Hace buen rato, cuando me iniciaba como volador con la lengua desde una pequeña antena situada hacia el viento de San Pedro y en tierras tecnológicas, se presentó un heroico radioescucha: el Prof. Vázquez, quien había elaborado una oda poética en la que narraba la aberración del amantazgo con los autos. Años después, en ‘anglias terras’, di de ojos y entre la revista dominical de un periódico, con otro poema en los mismos términos sustantivos. Los hijos del Prof. Vázquez deben tener copia de su obra, y yo conservo la del autor inglés que entre otras cosas señala algo muy significativo en la relación entre los humanos y ese tonelaje mecánico: ¿te has fijado que cuando la tele te muestra imágenes de disturbios colectivos en cualquiera parte del mundo, la multa turba se lanza enlaminada o encarnizadamente contra los autos? ¿Por qué en esos momentos críticos de reventazón –señala el autor inglés–, la furia se dirige contra el supuesto felicitador del ser humano? Yo les dejo la tarea investigativa a especialistas en áreas tan complejas como la sociosicoantropología y zonas afines del conocimiento.

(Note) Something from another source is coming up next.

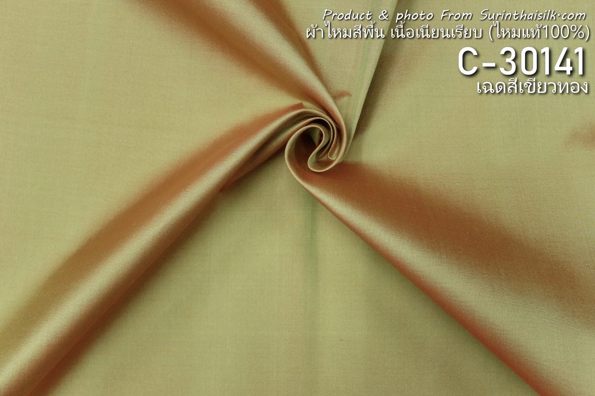 ผ้าไหมสีพื้น เนื้อเรียบ ไหมแท้ 2เส้น สีเขียวทอง ตัดขายเป็นหลา รหัส C-30141

Qué bueno que sigan llegando; qué bueno que ese trozo del mercado se mueve. Lo único malo es que ya debemos reconocer de una vez por todas que las ciudades, sus espacios mayúsculos y su oxigeno respirable, no tienen la función de complacer al ciudadano. Las ciudades, ya, son del automóvil. Ni modo. Bienvenidos y súbete a la banqueta, porque cuando andamos a pie estorbamos al objeto central y único de la urbanidad: su majestad, flamante o mostrando el efecto de los años transportando a diversas clases de ciudadanos; otorgando jerarquías y marcas, pero igual ¡entrampándonos!